If Collin was going to renovate the house, then he was going to need to go through the house and his mom’s belongings. He wasn’t sure if he was ready for that, but it was something that needed doing.
“I can do that this weekend, and over the course of next week. I’m sure it’ll only take a few days at most.”
The cuckoo clock on the wall tolled the time. Collin looked down at his watch to double check the time.
“Willie reached out to a contractor regarding the roofs, and we’re supposed to meet up shortly,” Collin explained.
“Well, don’t let me keep you,” Aunt Lilly said.
“I’m hoping to find out how much the repairs are going to be, as well as when everything can be started and completed.”

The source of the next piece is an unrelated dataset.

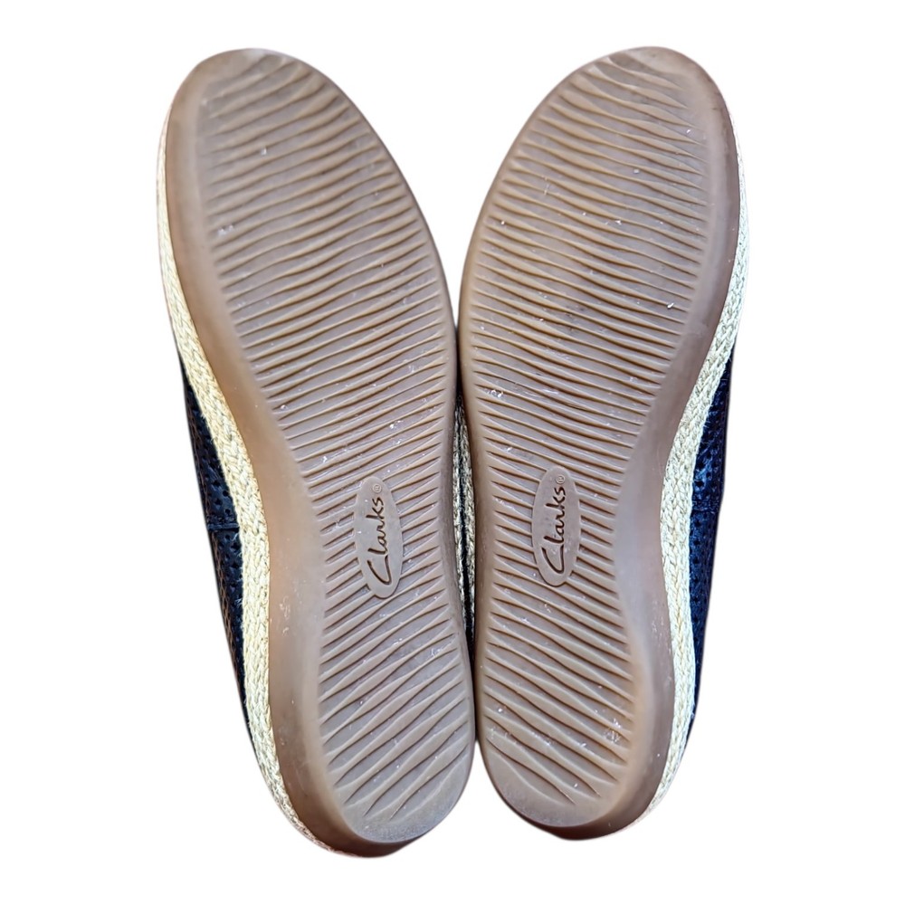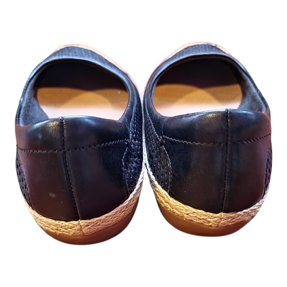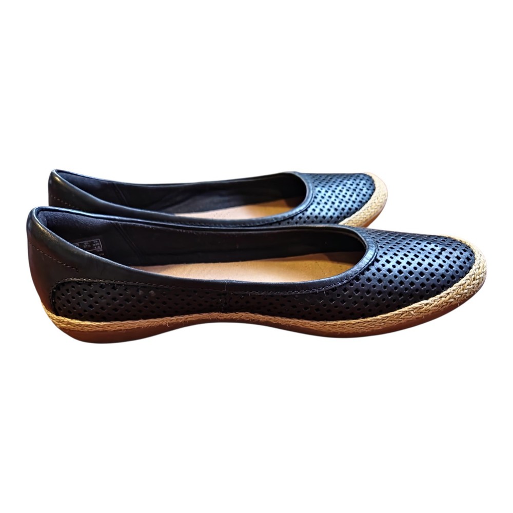 Collection By Clarks Danelly Adira Black Leather Espadrille Ballet Flats 7M Clarks Slip on ballet flats Size 7 M Width Pre-owned, no holes, no rubbing, no odors Very good used condition Black perforated leather No box I ship within a day from a smoke-free environment!

Collin stood up and his Aunt Lilly reached out to give him another one of her fierce hugs. He carefully squeezed her back.
“Let me pack up these leftovers for you to take with you. You both could be out there a while and I’m sure having some snacks on hand will be nice.”
Aunt Lilly quickly grabbed the tiered platter and shot off down the hall into the kitchen. After a few minutes, she came back with all of the leftovers neatly placed in a plastic container.
Collin took the container and then leaned down to give his aunt a kiss on the cheek.
“Thanks, Aunt Lilly.”
“You take care, my boy. If you need anything or have questions, stop by or give me a ring. I’m pretty easy to track down.”
“I will. I promise to visit a ton while I’m in town,” Collin told her.
“I’m going to hold you to that.”
Aunt Lilly walked him to the door and then waved him off, like his mother used to do when he was a boy taking the bus to school.
Collin closed his eyes briefly as he let the warmth of the memories wash over him. What he wouldn’t give to have his mother wave him off just one more time.